Let ~A_i~ denote the ~i^\text{th}~ (modulo ~N~) point of our input polygon, and let ~X~ denote the point from Mirko's query.

If ~ccw(A_i, A_{i+1}, X) > 0~, we will write ~1~ on the ~i^\text{th}~ side of our polygon, otherwise we'll write ~0~. Now, we need to answer the question: "Is there a pair of opposite sides such that both of them have ~1~ written on them". Obviously, we cannot check what is written on each of the sides for every query because we would have an ~\mathcal O(NQ)~ algorithm. But, we can get a more efficient algorithm by making some observations.

Observation 1: If two sides have ~1~ written on them, then all sides between them (in one direction) also have ~1~ written on them. We can intuitively see this by imagining that ~X~ is a light source and polygon sides are walls through which the light cannot pass. We can see that illuminated sides have ~0~ written on them. Since all zeroes form an interval on this cyclic array, we can deduce that all ones form an interval as well.

Observation 2: the answer is DA if and only if an interval of ones contains at least ~\frac N 2 + 1~ elements. This is obvious because in ~\frac N 2 + 1~ successive sides, there must be two of them which are opposite.

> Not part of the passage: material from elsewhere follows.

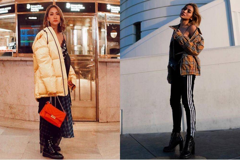 6. Kombinasikan tanktop, sling bag, dengan down jacket ala BCL. Ala Jedar, perpaduan jaket motif kotak dengan celana garis. Siap liburan, nih!
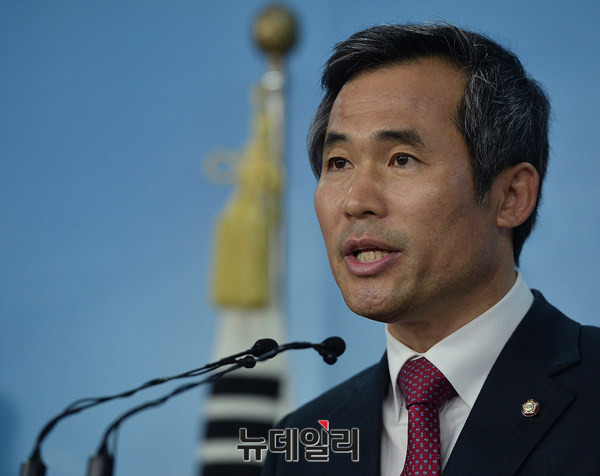 더불어민주당 김승남(전남 고흥군·보성군) 의원이 14일 오전 국회기자회견장에서 기자회견을 열고, "더불어민주당을 탈당해 안철수 국민의당으로 합류한다"고 밝혔다. 김 의원이 탈당의사를 밝히고 있다.

Now, let's consider an arbitrary side and its opposite side and observe what values are written on them. If both of them have ~1~ written on them, we can immediately output DA. If both of them have ~0~ written on them, we can immediately output NE. If one of them has ~1~ written on it and another one has ~0~ written on it, we can cut the array into two parts, each of which starts with one of the sides we have checked. One part has the form ~111 \dots 000~, and the other one has the form ~000 \dots 111~. In one of them, we want to find the last ~1~ and in the other one, we want to find the first ~1~. This can easily be done using binary search. Now we have found the endpoints of an interval of ones and can easily check if the condition from observation 2 holds.